Begin the copy at the line containing "- Plastic trays" in the data below and end it at the line containing "Ответ на задание", keeping each line exact and leaving out pictures.

##### MATERIAL PROVIDED

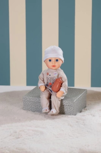 W zestawie znajduje się butelka do karmienia oraz beżowe śpioszki z tygryskiem i czapeczka. Idealny komplet do zabaw w odgrywanie ról.
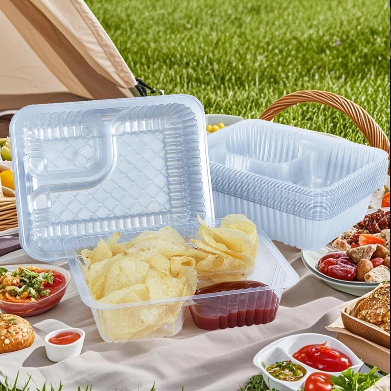 - Plastic trays are suitable for serving chicken nuggets, popcorn, potato chips, cornflakes, french fries, fruit, snacks, biscuits and more. Little compartment can be used to store tomato sauce, salad dressing, chili sauce, seasonings, cheese, sweet and spicy sauce, etc
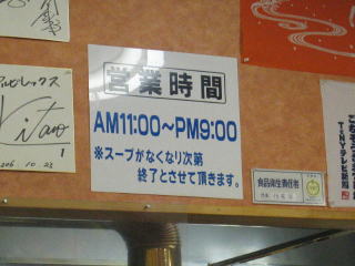 営業時間です、定休日は不明です。
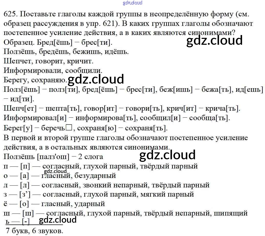 Ответ на задание 625 Учебник Русский язык за 5 (пятый) класс Баранов, Ладыженская, Тростенцова, Кулибаба, Григорян 2016, 2019 Часть 1, 2
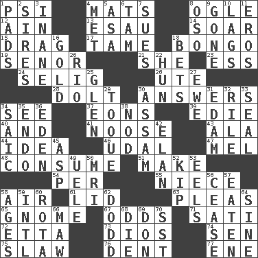 ACROSS 1. Air pressure measure (abbr.) 4. Floor coverings 8. Stare at amorously 12. The 18th letter of the Arabic alphabet 13. He sold his birthright 14. Fly high 15. To draw with force 17. Docile 18. Beat drum 19. Sir (Sp.) 21. A female animal or person 23. Curvy letter 24. Major League Baseball Commissioner Bud 26. Shoshoni 28. Dunce 30. Statements in reply to questions 34. Perceive with the eye 37. Immeasurably long periods of time 39. Singer Brickell 40. Plus 41. Trap for birds or small mammals 43. According to 44. The main thing one is thinking about 46. Hereditary estate 47. Cartoonist voice _ Blanc 48. Ingest 51. Cause to be 54. For each 55. Sibling's daughter 58. Wind 61. Flaplike covering 63. Entreaties 65. Dwarf 67. Probability 71. Suttee (variant) 72. Singer James 73. "Vaya con ____" 74. Elected rep. 75. Cole _ (cabbage dish) 76. Incision 77. Compass dir. DOWN 1. Writing tablets 2. Begets 3. Empty; void 4. Was introduced to 5. White ___ sheet 6. Scottish cap 7. Institutes legal proceedings 8. Bear (Spanish) 9. Went 10. Falls behind 11. Greek god of love 16. Precious metal 18. Stakes 20. River (Sp.) 22. Attila the _ 25. Small, secluded valley 27. She-sheep 29. Woman's close-fitting hat 30. Indian state 31. Dutch treat 32. Cause heat under the collar 33. Lick closed 34. Ketch in the Levant 35. Inside; within (prefix) 36. Paradise 38. Dreamland 42. Liveliness 45. Viper 49. Ubangi River tributary 50. Medical imaging device (abbr.) 52. Monetary unit of Laos 53. Snakelike fish 56. Stop 57. Eroded 58. Grows older 59. International (abbr.) 60. Roll call or roster of names 62. Texas town _ City 64. Trig term 66. Opening into something insatiable 68. Expire 69. Spanish title 70. Fast jet (abbr.)
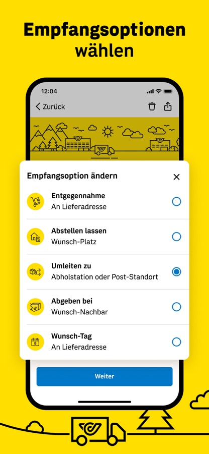 Wir wissen, Dinge ändern sich. Auch während Ihre Sendung bereits unterwegs ist, stehen Ihnen verschiedenen Empfangsoptionen zur Verfügung: Der Versand in eine österreichische Post Geschäftsstelle oder Abholstation, zu IhremWunsch-Nachbarn, an einen von Ihnen bestimmten, sicheren Wunsch-Platz oder auch die Zustellung an einem anderen Lieferdatum. Sie entscheiden, wann und wie Sie Ihre Sendungen tatsächlich empfangen.
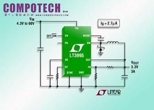 2013年6月6日 – 凌力爾特(Linear Technology Corporation )日前發表 3A, 60V降壓開關穩壓器LT3995,該元件僅需2.7µA靜態電流。 LT3995的4.3V至60V輸入電壓範圍使其成為汽車、商用車、航空電子和工業應用的理想選擇。內部4.7A開關可提供高達3A的連續輸出電流至低如1.2V的電壓。 LT3995的Burst Mode®操作提供超低靜態電流,使其非常適於汽車或工業系統等需保持always-on運作 和最佳電池壽命之應用。
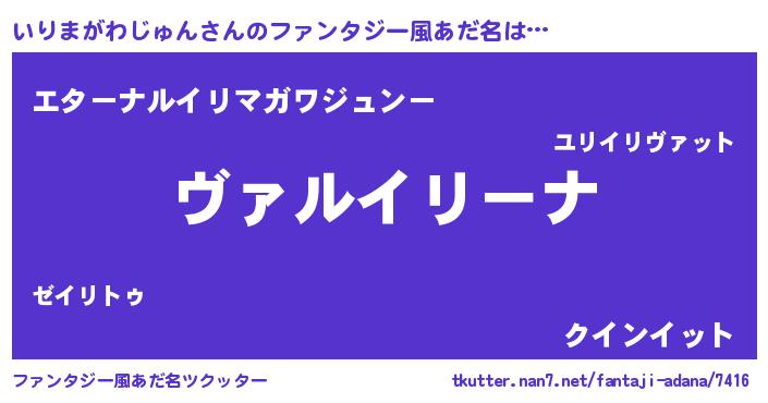 | 女子向けラノベタイトル風あだ名 | 『いりまがわじゅんが死なない童話 林檎のいりまがわじゅんの診療簿』 |

##########

→ SOLUTION BELOW:
 - Plastic trays are suitable for serving chicken nuggets, popcorn, potato chips, cornflakes, french fries, fruit, snacks, biscuits and more. Little compartment can be used to store tomato sauce, salad dressing, chili sauce, seasonings, cheese, sweet and spicy sauce, etc
 営業時間です、定休日は不明です。
 Ответ на задание 625 Учебник Русский язык за 5 (пятый) класс Баранов, Ладыженская, Тростенцова, Кулибаба, Григорян 2016, 2019 Часть 1, 2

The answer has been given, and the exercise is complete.